Assalamu’alaikum Wr. Wb.
Perkenalkan saya :
Nama : Asep Fikrul Yaqin
NIM : 042057145
UPBJJ UT : BOGOR
PRODI : Pendidikan Matematika
Kelebihan :
1. Pembelajaran diawali dengan salam dan mengecek kehadiran siswa;
2. Guru kemudian menanyakan alasan beberapa siswa yang tidak hadir dan menanyakan beberapa alasan yang mungkin dari para peserta didiknya;
3. Guru mengingatkan kembali siswa pada pembelajaran yang telah lalu dan menghubungkannya dengan materi ajar yang akan disampaikan;
4. Guru memberikan lembar kerja yang harus dikerjakan oleh peserta didik dengan berkelompok;
5. Guru juga terlihat memberikan bimbingan dan pendampingan terhadap kinerja peserta didiknya;
6. Siswa terlihat antusias dan bersemangat dalam mengerjakan tugas yang diberikan oleh guru;
7. Guru terlihat mengecek setiap tugas kelompok peserta didiknya;
8. Guru bertanya kepada peserta didiknya tentang proses belajarnya di dalam kelas;
9. Peserta didik mengutarakan kegembiraannya dengan proses belajarnya dikelas.
Kekurangan :
1. Video disajikan dalam bentuk kurang lengkap;
2. Tidak ada penjelasan lebih mendalam tentang materi ajar yang akan disampaikan;
3. Tidak ada simpulan dan penutup pembelajaran;
4. Tidak ada ice breaking;
5. Jika video tersebut adalah tentang bagaimana menyajikan proses belajar yang menyenangkan, mungkin dalam prosesnya guru dapat lebih riang dan menebar lebih banyak senyum;
6. Guru mungkin dapat memberikan apresiasi lebih terhadap tugas dan jawaban dari peserta didiknya;
7. Pembelajaran mungkin akan lebih menarik perhatian peserta didik jika disajikan dalam bentuk audio dan visual yang mendukung proses pembelajaran;
8. Hasil dari tugas peserta didik mungkin dapat dipresentasikan ke depan kelas agar susana dalam kelas menjadi lebih hidup;
9. Peserta didik akan lebih bersemangat jika guru memberikan reward terhadap hasil tugasnya;
10. Tidak ada simpulan tentang manfaat apa yang akan diperoleh peserta didik dari proses pembelajarannya .

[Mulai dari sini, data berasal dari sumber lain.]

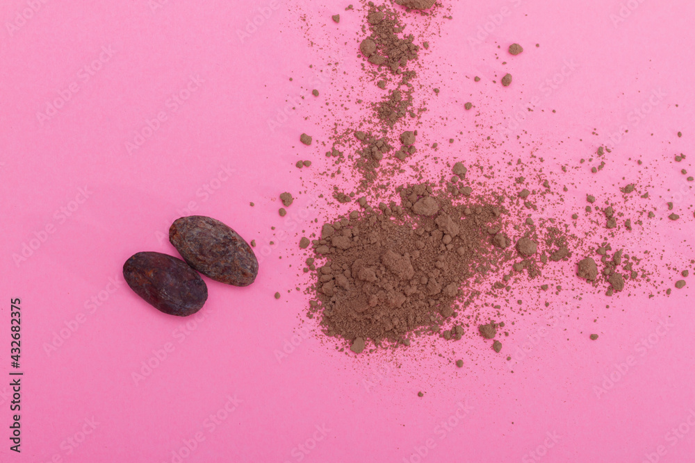 Cocoa beans and brown cocoa powder on a pink background, copy space

Terima kasih, kurang lebihnya mohon maaf.
Wassalamu’alaikum Wr. Wb.
Dari tayangan video tersebut, saya menyimpulkan alangkah bermanfaatnya ketika kita sebagai guru mempersiapkan fisik dan mental anak dengan baik untuk bisa menerima pembelajaran hari itu dengan menanyakan kesulitan-kesulitan apa yang mereka hadapi. Sehingga dari situ, guru bisa menentukan strategi pembelajaran yang tepat agar pembelajaran sesuai dengan yang ingin dicapai. Disini saya melihat bahwa guru sudah memanfaat media pemebelajaran yang real (realistik learning) dan konstektual yang ada di sekitar kita, sehingga siswa tidak meragukan lagi bahwa matematika sangat bermanfaat untuk kehidupan kita.
Aljabar merupakan materi yang cukup sulit bagi ansk-anak kelas 7 karena materi ini tergolong baru bagi mereka ( anak – anak biasanya langsung mengoperasikan angka sedangkan dalam aljabar sering memakai huruf dan simbol )

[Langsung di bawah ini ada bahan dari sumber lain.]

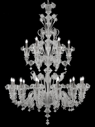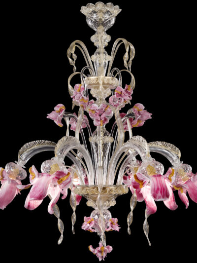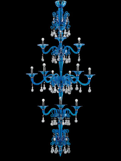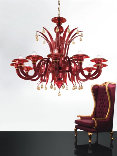 A simple, highly adaptable, elegant chandelier handcrafted by skilled glassmakers. The number of configurations for this piece is truly amazing, making it the perfect choice for designers. Available with silk lampshades or highly ornate glass details.

Anak-anak sering mengalami kesulitan dalam perkalian aljabar. Cara saya adalah dengan memberikan latihan soal berulang-ulang sehingga mereka memahami konsep perkalian aljabar.

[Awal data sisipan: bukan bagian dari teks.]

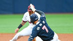 [OSEN=고척, 박준형 기자] 10일 서울 고척스카이돔에서 키움 히어로즈와 두산 베어스의 연습경기가 진행됐다.4회초 키움 러셀이 1루 주자 이유찬의 도루를 저지하고 있다. 2023.03.10 / soul1014@osen.co.kr

Perkalian aljabar pada dasarnya sama dengan konsep perkalian bilangan biasa. Menurut saya, bila siswa diberi pemahaman yang kuat tentang konsep/arti perkalian bilangan (bahwa perkalian adalah penjumlahan berulang), maka siswa akan mudah digiring untuk memahami bagaimana perklian aljabar bekerja.